▸ Problem to solve: Nothing but the lines from the one with "Immerse your walls" through the final line of the entries should appear in the answer, copied exactly and without pictures.

[Provided data — start]

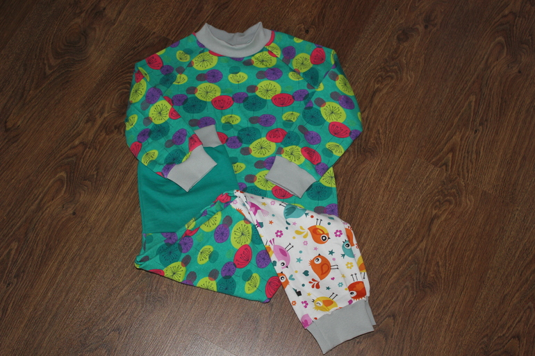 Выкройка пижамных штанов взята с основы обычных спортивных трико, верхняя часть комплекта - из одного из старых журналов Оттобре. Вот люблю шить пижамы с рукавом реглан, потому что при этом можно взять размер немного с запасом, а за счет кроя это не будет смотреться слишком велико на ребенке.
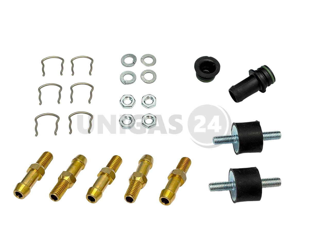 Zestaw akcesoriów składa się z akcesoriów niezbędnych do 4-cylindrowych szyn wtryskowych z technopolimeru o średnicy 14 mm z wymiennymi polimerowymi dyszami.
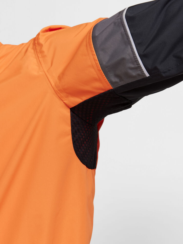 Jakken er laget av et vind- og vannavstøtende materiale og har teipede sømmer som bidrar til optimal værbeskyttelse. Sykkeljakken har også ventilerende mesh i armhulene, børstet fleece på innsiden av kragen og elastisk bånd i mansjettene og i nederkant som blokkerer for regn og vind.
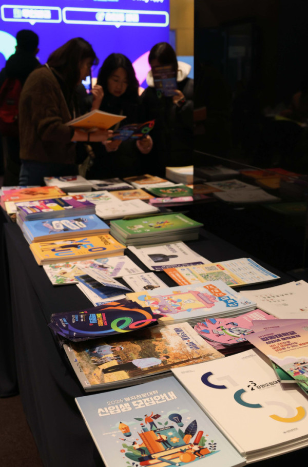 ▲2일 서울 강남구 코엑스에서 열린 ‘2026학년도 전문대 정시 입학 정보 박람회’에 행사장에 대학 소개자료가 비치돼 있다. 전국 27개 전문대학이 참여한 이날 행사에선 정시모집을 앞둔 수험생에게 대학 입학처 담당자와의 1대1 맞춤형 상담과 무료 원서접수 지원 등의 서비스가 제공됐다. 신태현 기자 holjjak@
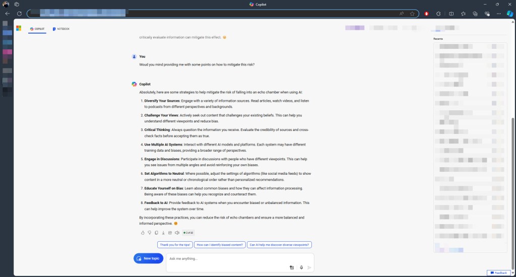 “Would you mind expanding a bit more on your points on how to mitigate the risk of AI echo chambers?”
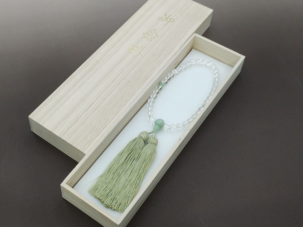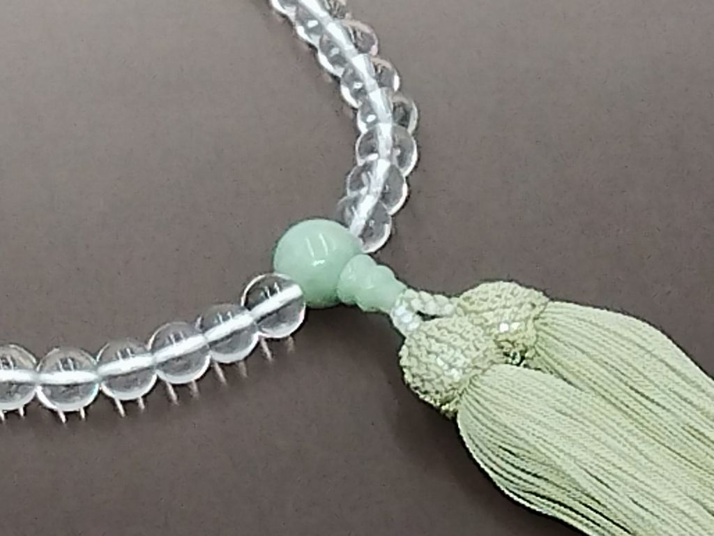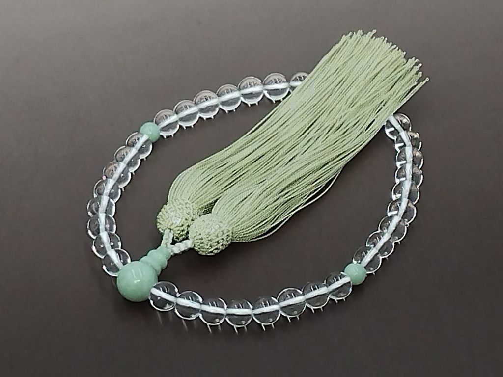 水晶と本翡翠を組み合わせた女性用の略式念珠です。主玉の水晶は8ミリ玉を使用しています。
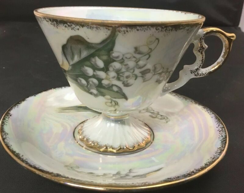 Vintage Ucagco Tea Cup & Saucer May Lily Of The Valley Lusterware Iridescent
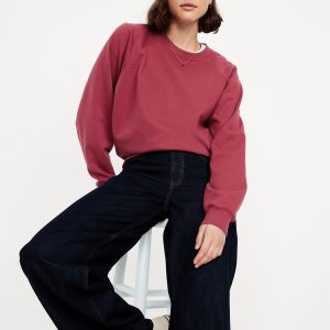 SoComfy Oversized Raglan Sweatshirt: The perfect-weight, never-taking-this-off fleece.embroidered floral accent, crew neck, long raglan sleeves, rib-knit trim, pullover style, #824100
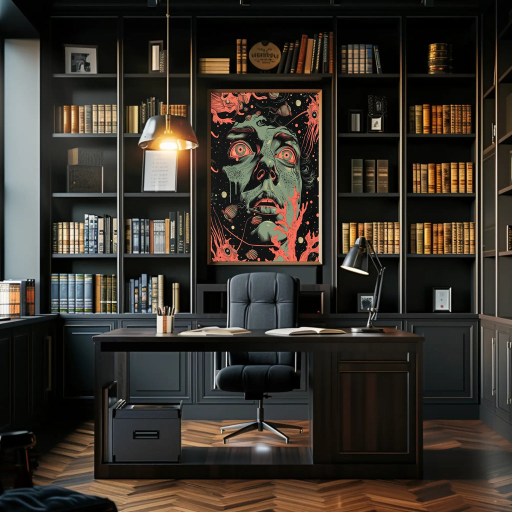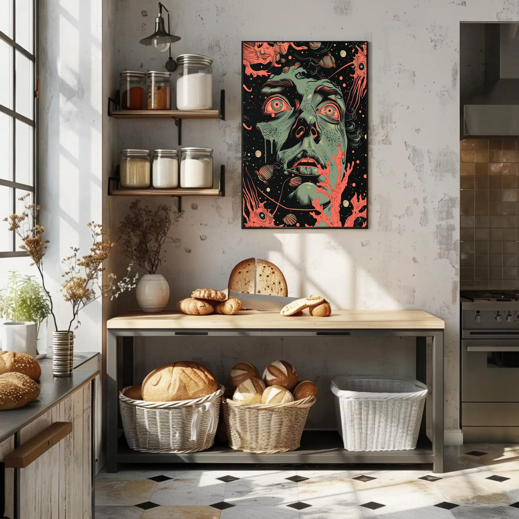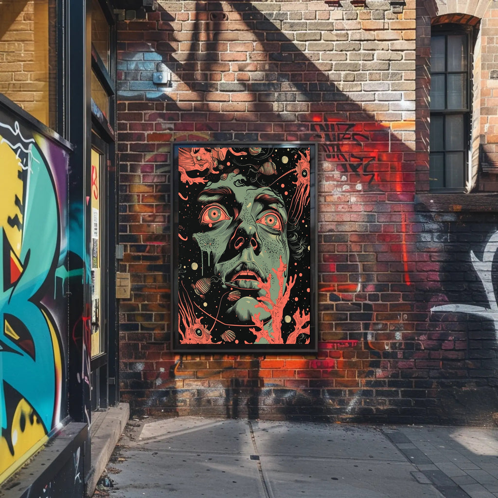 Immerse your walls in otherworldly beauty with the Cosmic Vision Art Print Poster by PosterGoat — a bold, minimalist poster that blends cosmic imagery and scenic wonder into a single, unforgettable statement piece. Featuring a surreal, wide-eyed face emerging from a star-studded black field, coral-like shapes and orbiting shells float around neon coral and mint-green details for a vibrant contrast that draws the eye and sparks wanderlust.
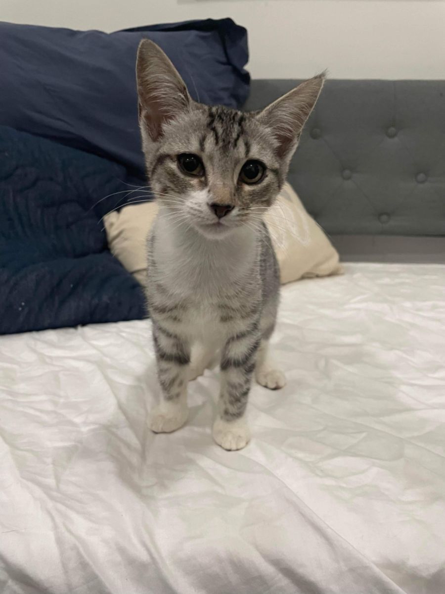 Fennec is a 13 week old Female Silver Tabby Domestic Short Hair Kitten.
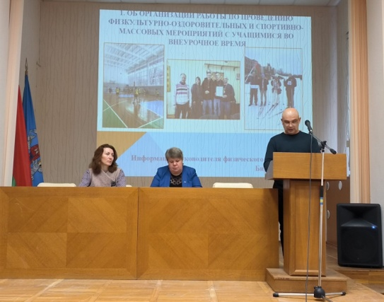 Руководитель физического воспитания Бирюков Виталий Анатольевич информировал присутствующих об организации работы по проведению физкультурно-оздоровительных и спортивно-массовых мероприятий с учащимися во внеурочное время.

[Provided data — finish]

▸ Task solution:
 Immerse your walls in otherworldly beauty with the Cosmic Vision Art Print Poster by PosterGoat — a bold, minimalist poster that blends cosmic imagery and scenic wonder into a single, unforgettable statement piece. Featuring a surreal, wide-eyed face emerging from a star-studded black field, coral-like shapes and orbiting shells float around neon coral and mint-green details for a vibrant contrast that draws the eye and sparks wanderlust.
 Fennec is a 13 week old Female Silver Tabby Domestic Short Hair Kitten.
 Руководитель физического воспитания Бирюков Виталий Анатольевич информировал присутствующих об организации работы по проведению физкультурно-оздоровительных и спортивно-массовых мероприятий с учащимися во внеурочное время.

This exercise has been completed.